▸ Data provided
Start of Block

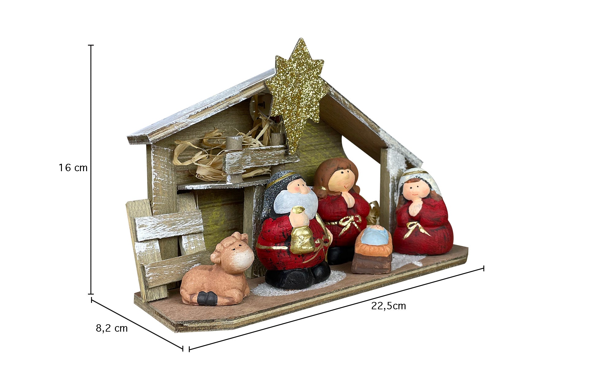 Questo presepio, interamente realizzato in terracotta con una struttura in legno, è decorato a mano con 4 personaggi: Gesù, Giuseppe, Maria e Babbo Natale. Le sue dimensioni sono di 16 cm di altezza, 8,2 cm di larghezza e 22,50 cm di lunghezza. Può essere alimentato grazie alla luce sfavillante che illumina il presepio attraverso una lampadina interna collocata sul retro e accesa tramite un bottone. Ideale per chi ama l'atmosfera del Natale, questo prodotto unico e moderno aggiunge innovazione alla tradizione.
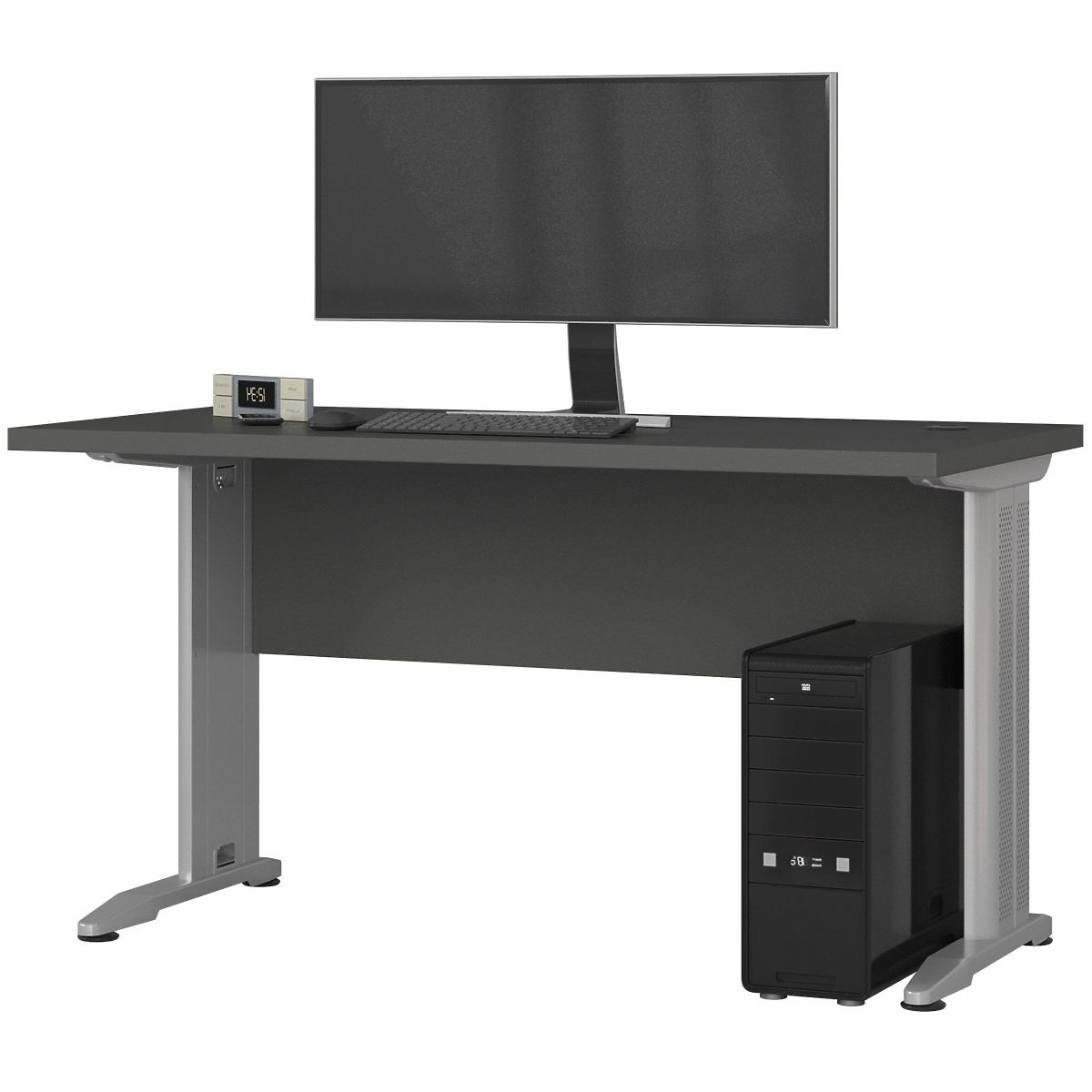 Samostojeći grafitno sivi računalni stol s metalnim nogama. .. više
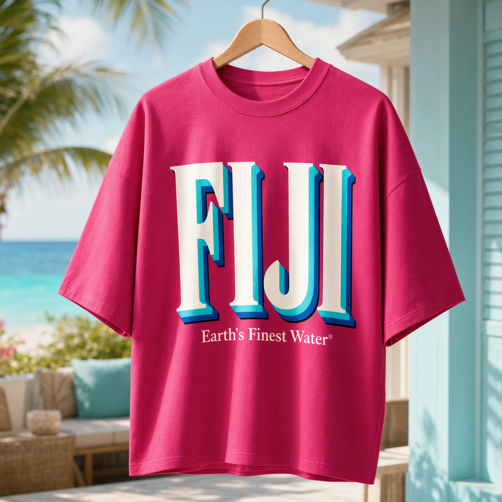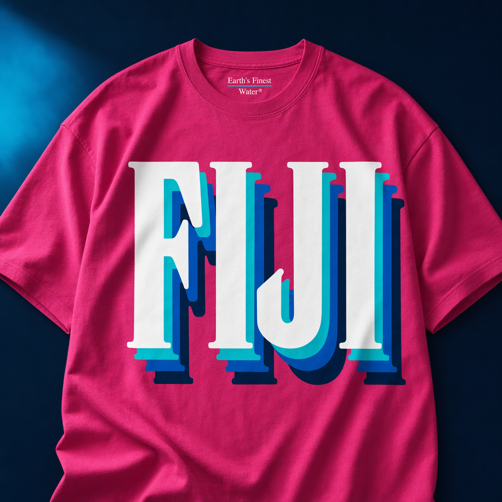 Photorealistic studio shot of an oversized unisex FIJI Water shadow logo T-shirt laid flat on a clean surface. The tee is a rich hibiscus hot pink (PMS Rhodamine #E10098) in a heavyweight, premium cotton jersey with a soft, slightly brushed texture. Boxy, relaxed fit with dropped shoulders, wide collar rib, and slightly longer sleeves to feel like an elevated streetwear staple, not athletic gear. Across the chest, a huge, crisp white FIJI logotype spans almost edge to edge. Behind the white FIJI wordmark, show three bold offset drop shadows stacked diagonally down-right: top layer bright cyan (PMS 3115 C #00C1D5), middle layer primary FIJI blue (PMS 293 #003DA5), bottom layer deep navy (PMS 296 #041C2C). The stacked shadows should feel playful and fashion-forward, like a 90s poster and modern streetwear mashup, clearly celebrating FIJI’s blue + magenta signature pairing. Print is high-end screenprint or water-based ink with a very slight sheen, no cracking, perfectly registered edges. Back of neck has a small, minimal ‘Earth’s Finest Water®’ lockup in white and FIJI blue, centered below the collar. Lighting: soft, diffused daylight from top-left, creating gentle folds and subtle shadows that show the weight and drape of the fabric. Background: smooth navy (#041C2C) or very deep blue gradient that subtly echoes FIJI water depth, with a faint out-of-focus splash of lighter cyan in one corner to hint at water without being literal. Camera angle: top-down flat lay, tightly framed on the torso area so the giant logo and layered shadows are the hero. Overall mood: laid-back, confident, affordable luxury streetwear for everyday rituals, not sporty or performance-oriented.

End of Block

Pictures stay out. Repeat only the lines from the beginning of the data through the line that has "Samostojeći grafitno sivi".

 Questo presepio, interamente realizzato in terracotta con una struttura in legno, è decorato a mano con 4 personaggi: Gesù, Giuseppe, Maria e Babbo Natale. Le sue dimensioni sono di 16 cm di altezza, 8,2 cm di larghezza e 22,50 cm di lunghezza. Può essere alimentato grazie alla luce sfavillante che illumina il presepio attraverso una lampadina interna collocata sul retro e accesa tramite un bottone. Ideale per chi ama l'atmosfera del Natale, questo prodotto unico e moderno aggiunge innovazione alla tradizione.
 Samostojeći grafitno sivi računalni stol s metalnim nogama. .. više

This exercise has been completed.